16. A computer-readable storage medium comprising an agriculture analysis application that, when executed by a processor, cause the agriculture analysis application to perform acts comprising:
receiving target crop growth parameters and a crop growth location;
identifying real satellite image data of the crop growth location, wherein the real satellite image data comprises a plurality of spectral bands;
analyzing the real satellite image data to determine time-series measurements of the real satellite image data, wherein a time-series measurement comprises an observation of a spectral band of the real satellite image data over a period of time;
calculating a leaf area index for the plurality of spectral bands, wherein the leaf area index is based on the time-series measurements;
providing the leaf area index for the plurality of spectral bands as input into a canopy reflectance simulator, wherein the canopy reflectance simulator is configured to generate simulated satellite image data;
generating, via the canopy reflectance simulator, simulated satellite image data based on the leaf area index for the plurality of spectral bands;
determining simulated canopy reflectance parameters based on the real satellite image data and the simulated satellite image data, wherein the simulated canopy reflectance parameters correspond to inputs into the canopy reflectance simulator that generate simulated satellite image data that is substantially similar to the real satellite data; and
determining simulated crop growth input parameters, that when provided as input into a crop growth simulator, cause the crop growth simulator to generate simulated crop growth output parameters that correspond to at least one of the target crop growth parameters, wherein the simulated crop growth input parameters are based on the simulated canopy reflectance parameters and simulated output of the crop growth simulator.

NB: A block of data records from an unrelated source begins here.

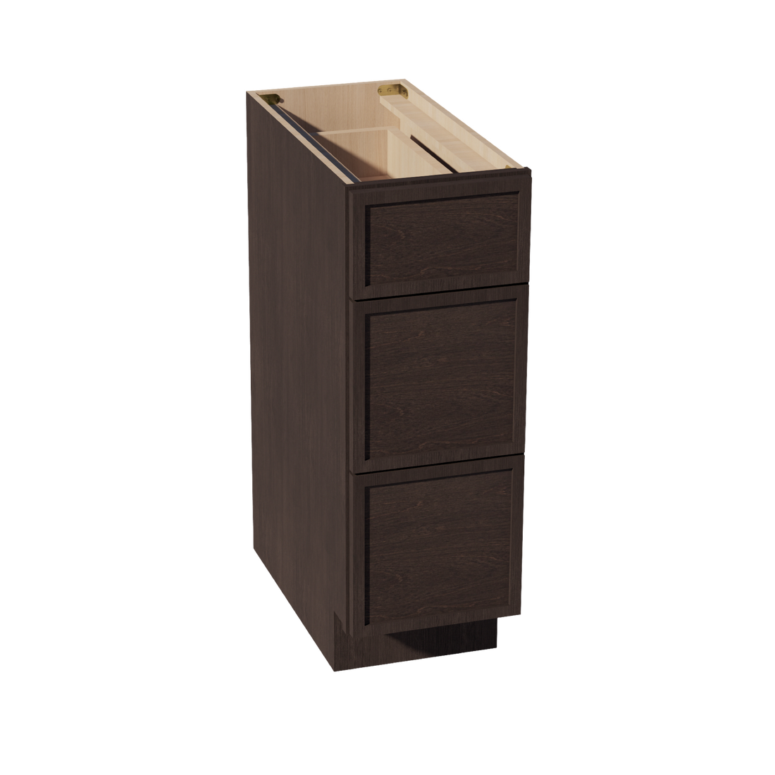 SM-DB12: Mocha Brown Slim Shaker 12" 3 Drawers Base Cabinet
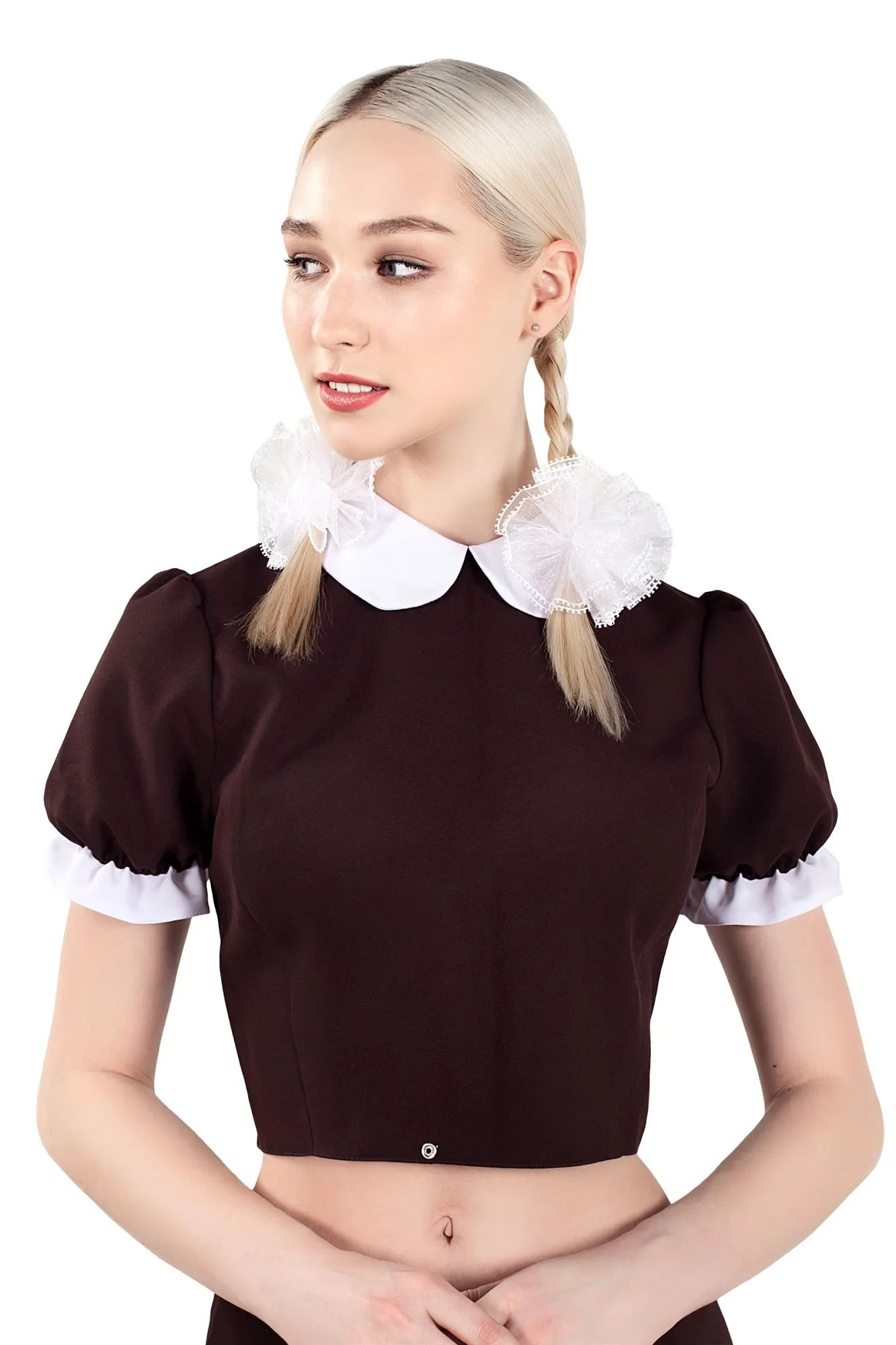 Эротический костюм русской школьницы от Pecado создан для Ваших самых чувственных ролевых игр! Темный топ, из которого выполнена верхняя часть комплекта, состоит из полиэстера. Материал нежный, приятный, износостойкий. Топ легко и быстро надевается, фиксируется с помощью застежек сзади. Также, благодаря металлической фурнитуре, соединяется с нижней часть костюма. Кокетливый вырез на спине открывает притягательный обзор и возбуждающий полёт фантазий. Быть школьницей, готовой к любым сексуальным урокам легко! Вместе с эротическим костюмом от Pecado. Нижняя и верхняя часть комплекта приобретаются отдельно. Именно так, Вы сможете подобрать оптимальный размер. ● Состав комплекта – топ, банты. ● Материал – 100% полиэстер. ● Качественная фурнитура. ● Цвет топа - коричневый, цвет бантов - белый . ● Сделано в России. ● Размерный ряд 40, 42, 44, 46 (Соответствует Российской размерной сетке).
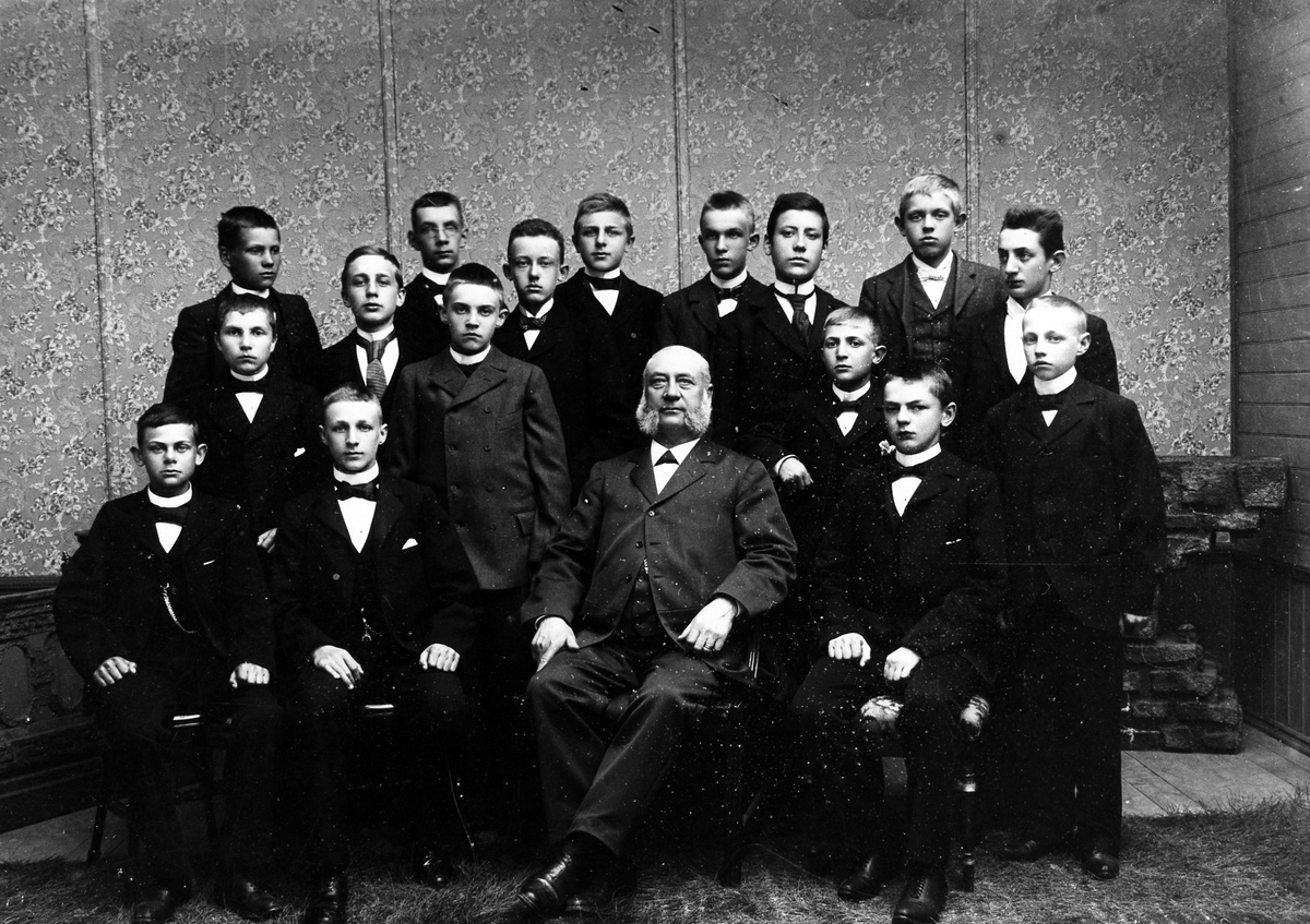Läroverket var åren 1831-1901 inrymt i rådhuset. Rektor Samuel Högman med elever.

17. The computer-readable storage medium of claim 16, wherein the target crop growth parameters comprise at least one of a crop yield, biomass, or water usage.
18. The computer-readable storage medium of claim 17, wherein the canopy reflectance simulator is based on the PROSAIL model and the crop growth simulator is based on the WOFOST model.
19. The computer-readable storage medium of claim 18, wherein determining the simulated canopy reflectance parameters further comprises providing the simulated satellite image data in the real satellite image data as input into a data assimilation module, wherein the data assimilation module is configured to adjust input into the canopy reflectance simulator until the generated satellite image data is substantially similar to the real satellite image data.
20. The computer-readable storage medium of claim 19, wherein determining the simulated crop growth input parameters further comprises providing simulated crop growth output parameters and the simulated canopy reflectance parameters as input into the data assimilation module, wherein the data assimilation module is further configured to adjust input into the crop growth simulator until the simulated crop growth output parameters correspond to at least one of the target crop growth parameters.